[INSTRUCTIONS FOR THE TASK]
Copy out the entries word for word, leaving images aside.

[DATA RECORDS]
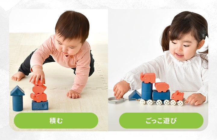 「どうぶつパーツ」に「でんしゃ」に「つみき」と、赤ちゃんが大好きな定番おもちゃの入ったセットです。
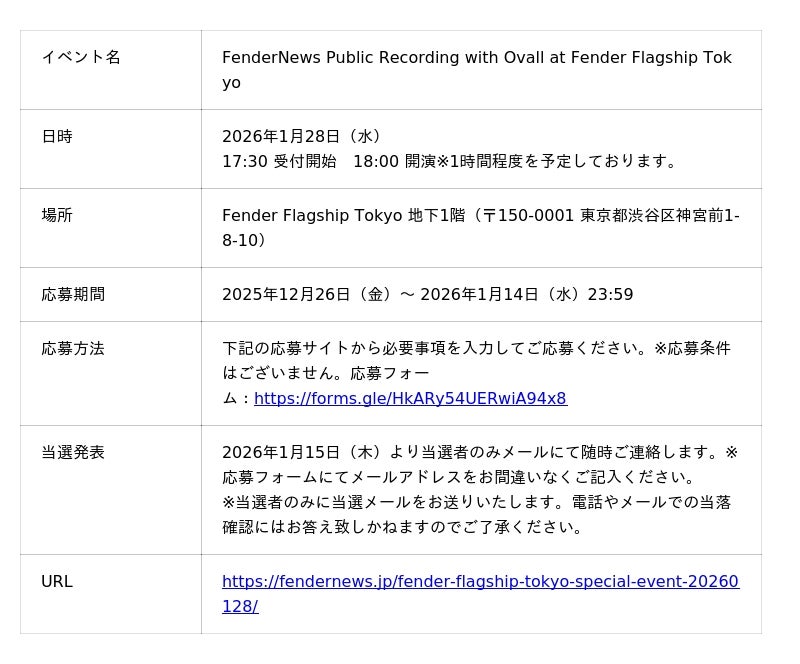 Fender Flagship Tokyoは、ソロアーティスト/ミュージシャン/プロデューサーとして活躍するShingo Suzuki、mabanua、関口シンゴによるトリオバンドOvallのストアイベント 「FenderNews Public Recording with Ovall at Fender Flagship Tokyo」 を、2026年1月28日(水) に開催します。本イベントの観覧応募の受付は、2025年12月26日(金)よりFenderNewsのイベントサイトにて開始します。
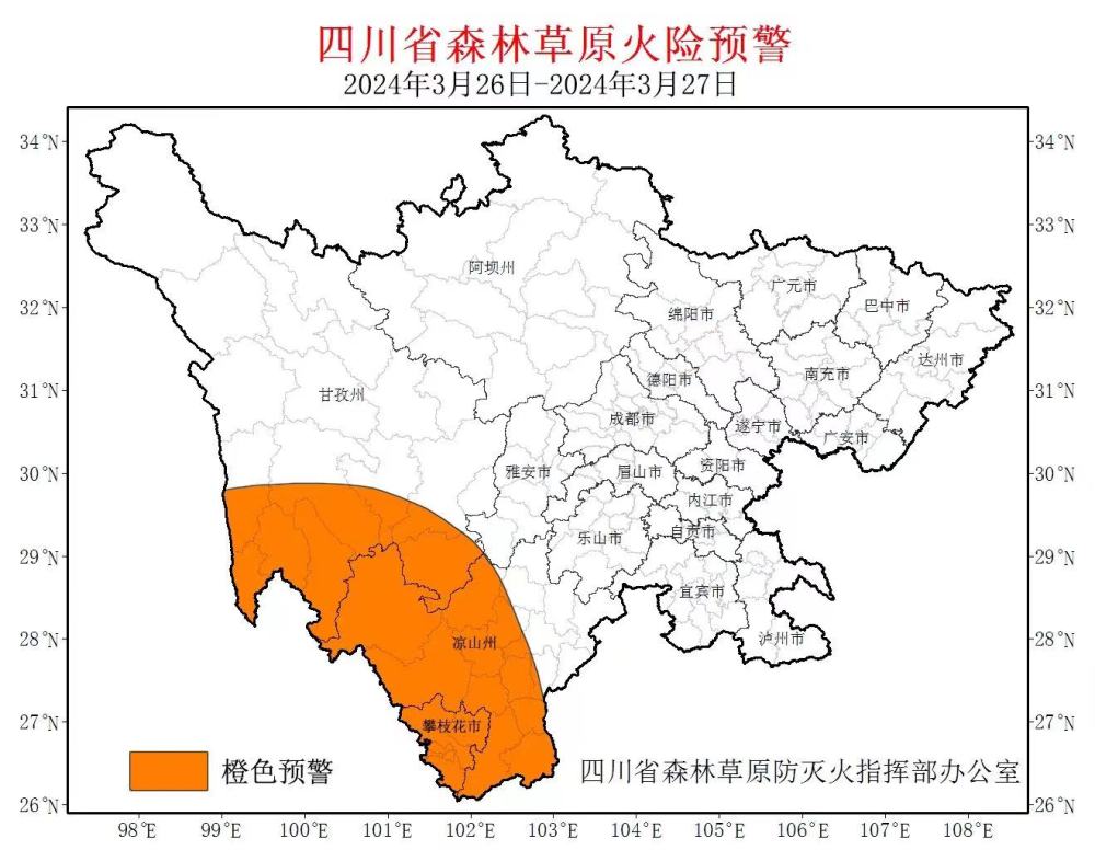 經四川省森防指辦公室與(yu) 四川省林草局、四川氣象局及相關(guan) 地區會(hui) 商,預計3月26日至27日攀枝花市,甘孜州東(dong) 部局地和南部,涼山州西部、中部和南部(涉及21個(ge) 縣級行政單位)森林草原火險等級將維持在高度危險級別。經研究,延長省森防指辦公室3月21日發布的高森林草原火險橙色預警至3月27日,預警範圍不變。
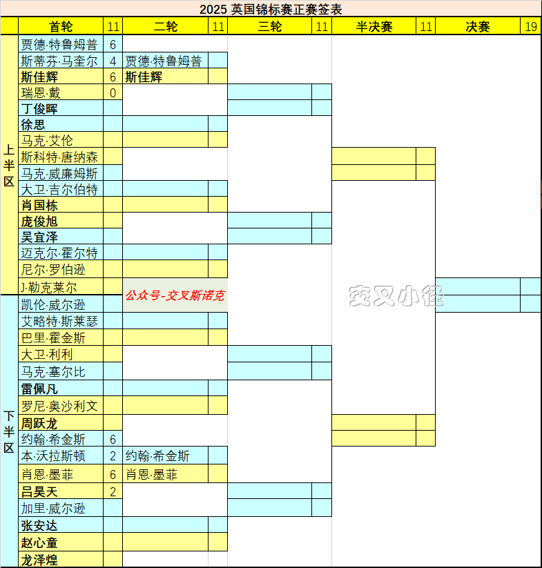 1. 中国球员:斯佳辉零封瑞恩·戴,吕昊天遭5连鞭2-6不敌墨菲
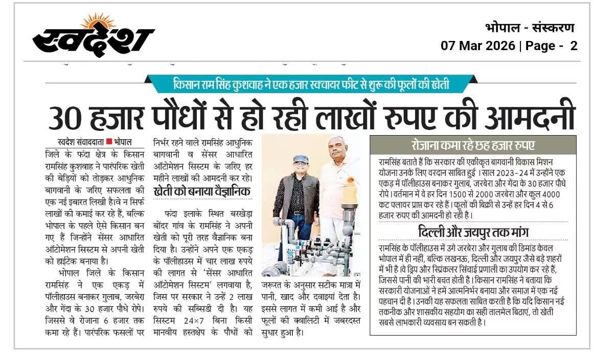 ऑटोमेशन सिस्टम से फूलों की खेती करने वाले भोपाल के पहले किसान हैं श्री रामसिंह कुशवाह
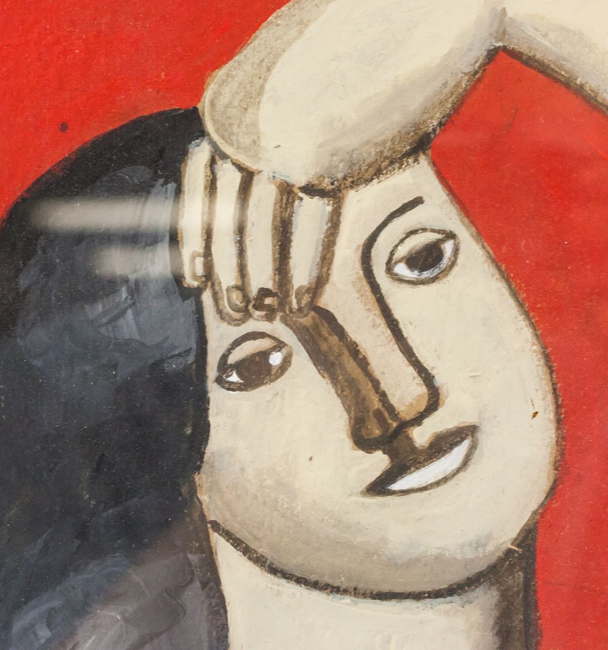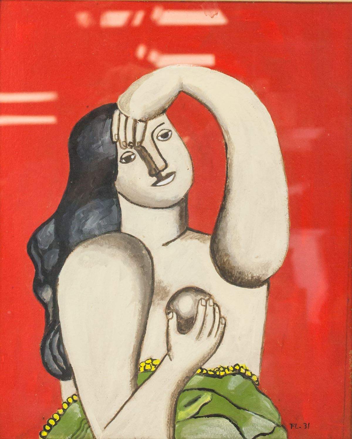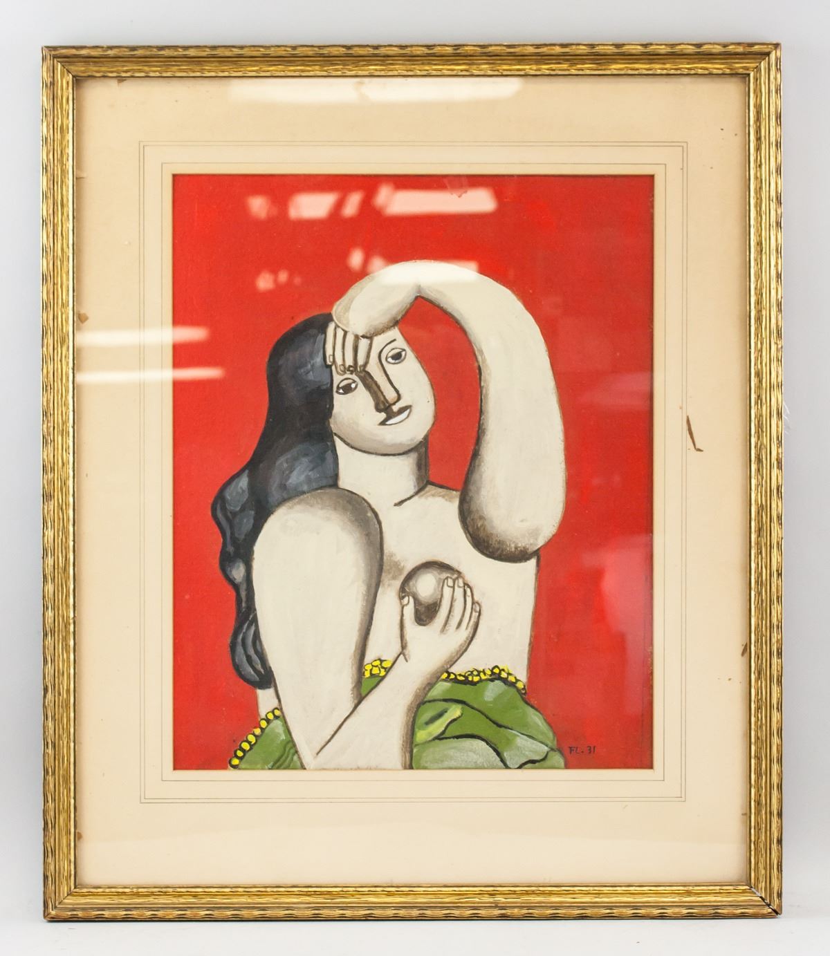 Acrylic on paper, framed. Featuring a cubist portrait of nude woman holding fruit. Signed FL. and inscribed 31 beside signature on the lower right corner.Stamped MUSEE FERNAND LEGER on verso. Gallery label affixed to verso inscribed GALERIE LOUIS CARRE & CO / 10, Avenue de Messine, Paris-VIIIe and inscribed underneath Fernand Leger / "La Femme" / HHuile sur papier / 44 cm. x 36cm. Attributed to Fernand Leger (1881-1955, French). 44 x 35 cm (17.25 x 13.75 inches). Framed size: 66 x 55 cm (26 x 21.25 inches). PROVENANCE: This lot carries limited provenance from a Southern Ontario estate

[RESULT]
 「どうぶつパーツ」に「でんしゃ」に「つみき」と、赤ちゃんが大好きな定番おもちゃの入ったセットです。
 Fender Flagship Tokyoは、ソロアーティスト/ミュージシャン/プロデューサーとして活躍するShingo Suzuki、mabanua、関口シンゴによるトリオバンドOvallのストアイベント 「FenderNews Public Recording with Ovall at Fender Flagship Tokyo」 を、2026年1月28日(水) に開催します。本イベントの観覧応募の受付は、2025年12月26日(金)よりFenderNewsのイベントサイトにて開始します。
 經四川省森防指辦公室與(yu) 四川省林草局、四川氣象局及相關(guan) 地區會(hui) 商,預計3月26日至27日攀枝花市,甘孜州東(dong) 部局地和南部,涼山州西部、中部和南部(涉及21個(ge) 縣級行政單位)森林草原火險等級將維持在高度危險級別。經研究,延長省森防指辦公室3月21日發布的高森林草原火險橙色預警至3月27日,預警範圍不變。
 1. 中国球员:斯佳辉零封瑞恩·戴,吕昊天遭5连鞭2-6不敌墨菲
 ऑटोमेशन सिस्टम से फूलों की खेती करने वाले भोपाल के पहले किसान हैं श्री रामसिंह कुशवाह
 Acrylic on paper, framed. Featuring a cubist portrait of nude woman holding fruit. Signed FL. and inscribed 31 beside signature on the lower right corner.Stamped MUSEE FERNAND LEGER on verso. Gallery label affixed to verso inscribed GALERIE LOUIS CARRE & CO / 10, Avenue de Messine, Paris-VIIIe and inscribed underneath Fernand Leger / "La Femme" / HHuile sur papier / 44 cm. x 36cm. Attributed to Fernand Leger (1881-1955, French). 44 x 35 cm (17.25 x 13.75 inches). Framed size: 66 x 55 cm (26 x 21.25 inches). PROVENANCE: This lot carries limited provenance from a Southern Ontario estate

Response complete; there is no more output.